There is a multitude of buttons. The are ordinary, and all the same, they mean something, and nothing. Are they like a dream, Margritte?

  It is both organic randomness and organized as it contrasts with the repetitive linear groves. Is it ugly, or beautiful, and does it matter?

The intimidating shadows and lines are severe; or is that JUST my perception?

A barrier to let me out... or to keep me in?

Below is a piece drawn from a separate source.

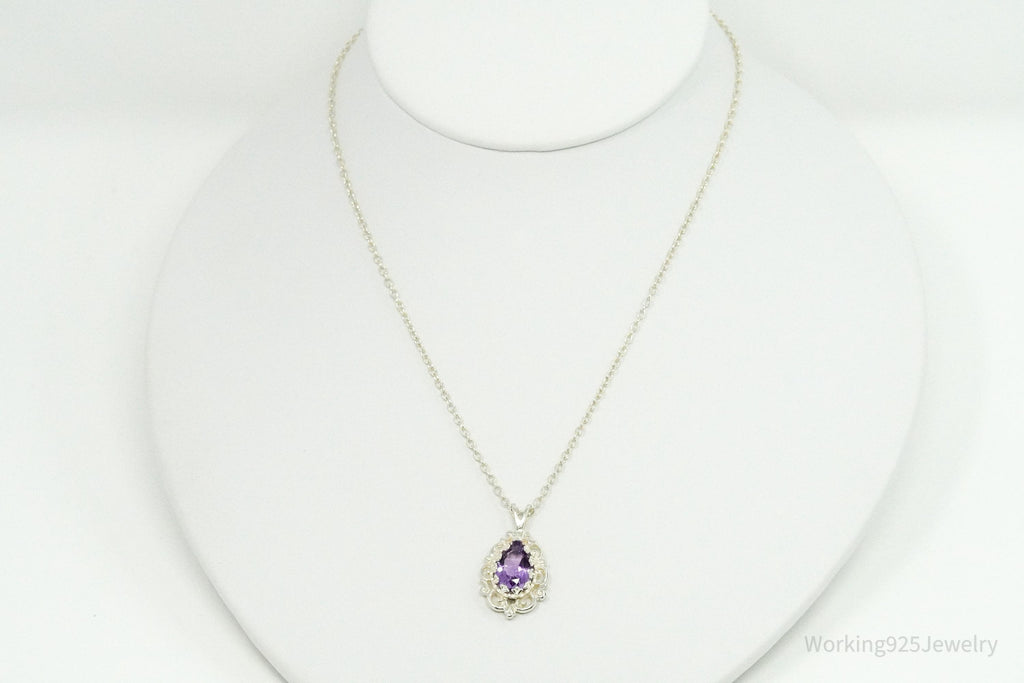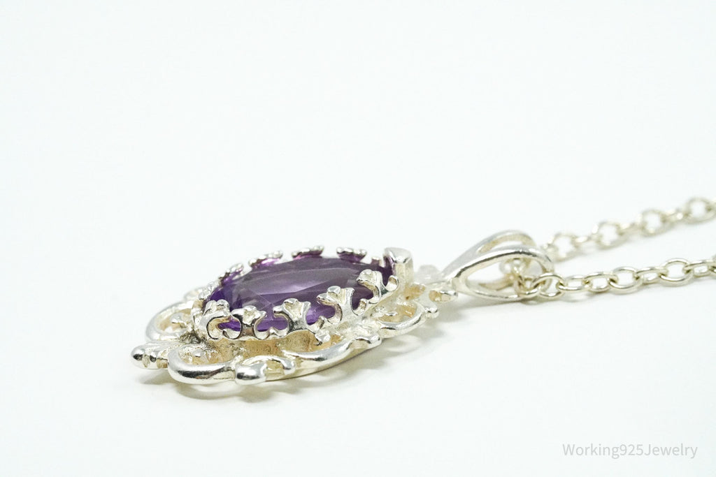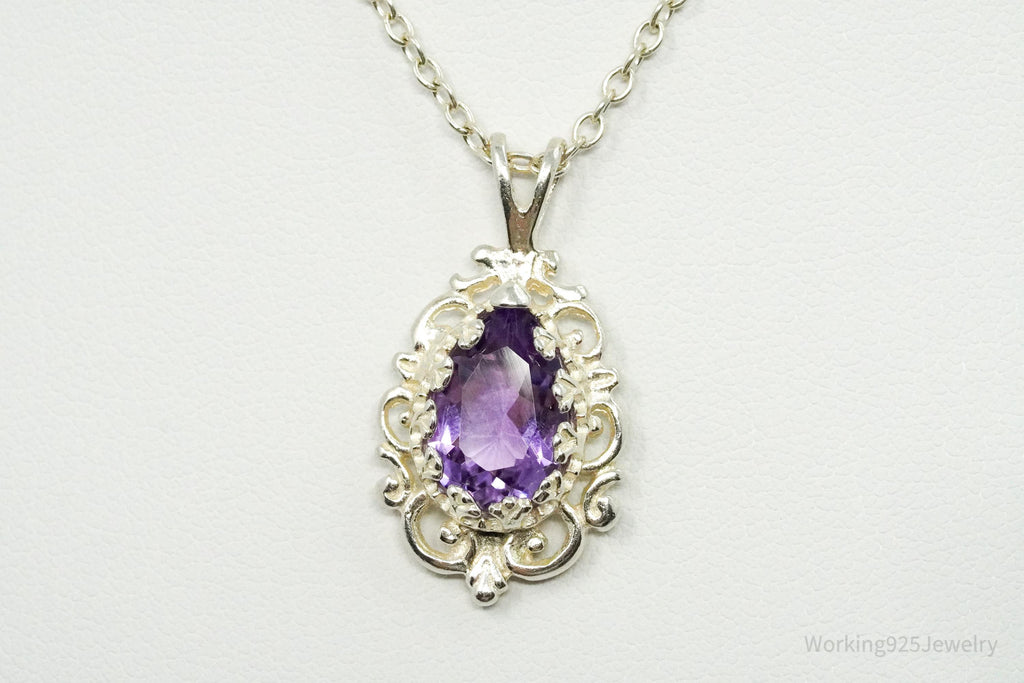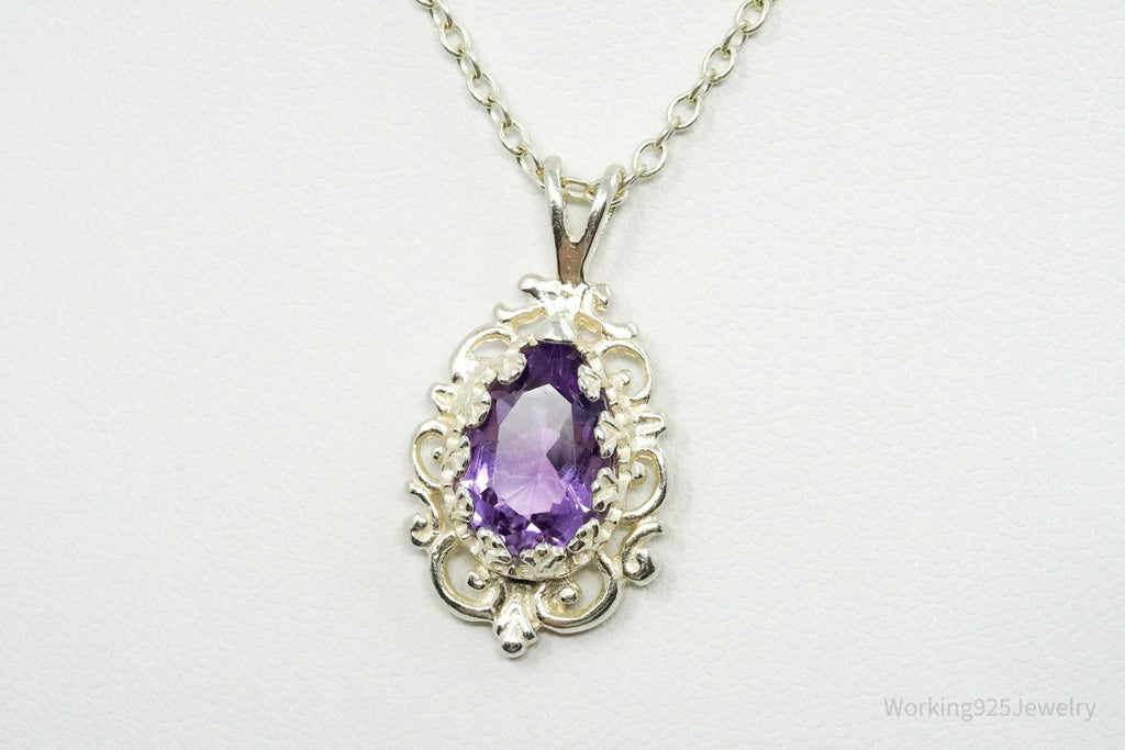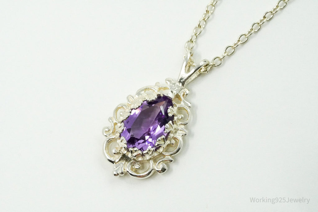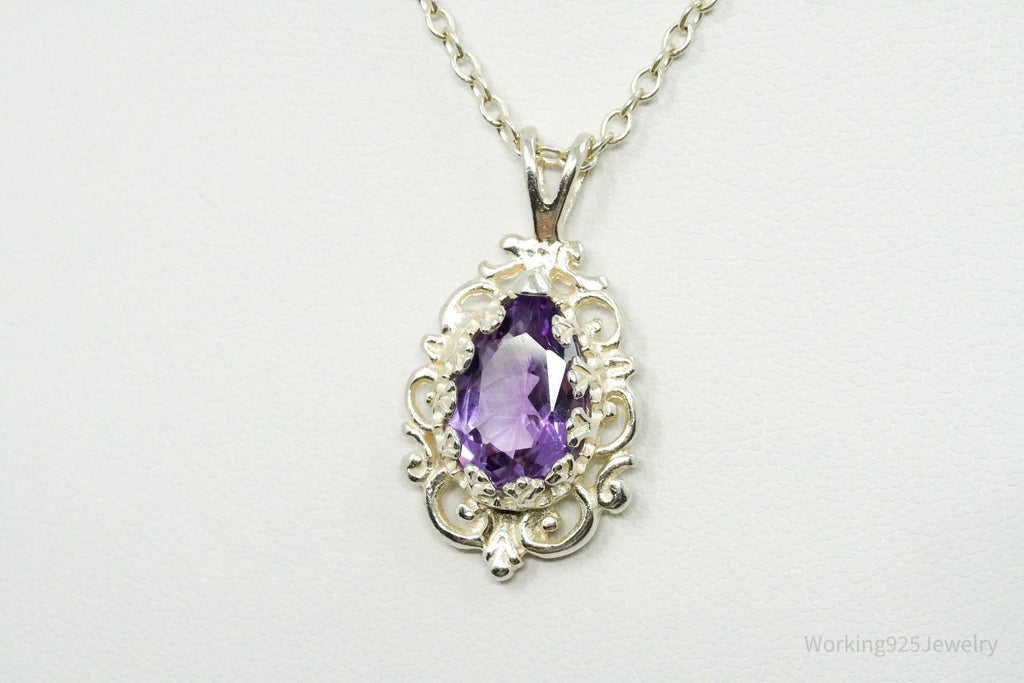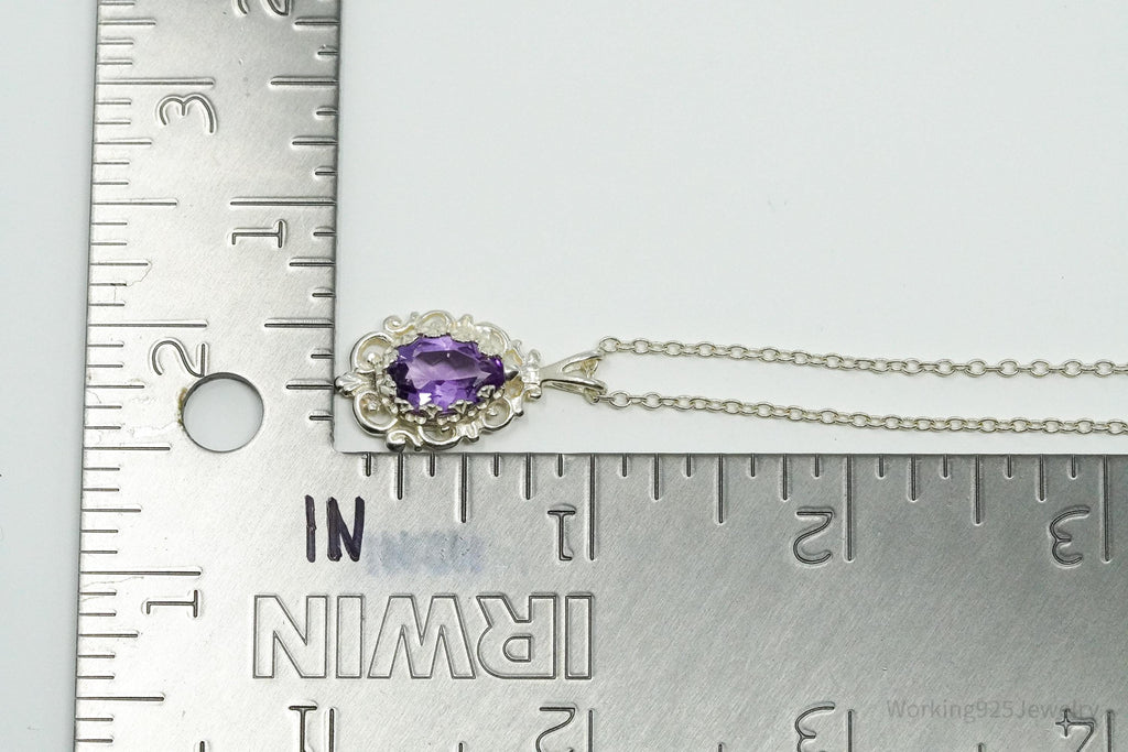 Vintage Amethyst Sterling Silver Chain Necklace 16"

One of the GOCA exhibits was a series of photographs that depicted a young girl’s life with some sort of leg handicap. I stood and looked at the photos. Suddenly and bluntly, the exhibit changed right before my eyes. I was no longer looking at the photos of a young girl. I was looking at the artist’s daughter and her chronicle of handicap and recovery. What I saw changed because I was lucky enough to transition from an art exhibit to performance art. This happened as walked alongside the linear display, and I heard Matt Chmielarczyk’s comment on the story behind the photographs of his daughter. The instability of art –how it can change and how it has a relationship with the seer, as demonstrated by my experience correlates to ideas explored in John Berger’s, Ways of Seeing.

Published in 1972, Ways of seeing, encompasses postmodernist ideas in the assertion and argument that, “The way we see things is affected by what we know or what we believe” (Berger 8). He examines the idea that images are never true representations of reality, but are, rather, true representations of of a fleeting snippet (among an infinite amount of snippets) of reality, within the axes of space, time and our relationship with the things we see. Berger asserts that, “the notion of time passing was inseparable from the experience of the visual” (18). What we see is not reality, and that is true whether we see things as they occur or as they are, whether we see an image, or a replication of that image. What we see is visible light, just a small portion of the electromagnetic spectrum, being absorbed or reflected by pigment. That truth alone tells us that we only see a small portion of reality.  But rather than asserting that things and simulacrum are without meaning, Berger asserts that it has meaning independent of present day ideas about, “what-is-reality”, “We never look at just one thing; we are always looking at the relation between things and ourselves”(Berger 9).

So, what was the art exhibit? Was it the photos? Was it the photos in a white-walled room, with beautiful hardwood floors? Was it the photos accompanied by the artist’s commentary that I coincidentally overheard? As Berger would assert, it was all of this, individually, and collectively. It was my experience.

Berger, John. Ways of Seeing. 1972. Print.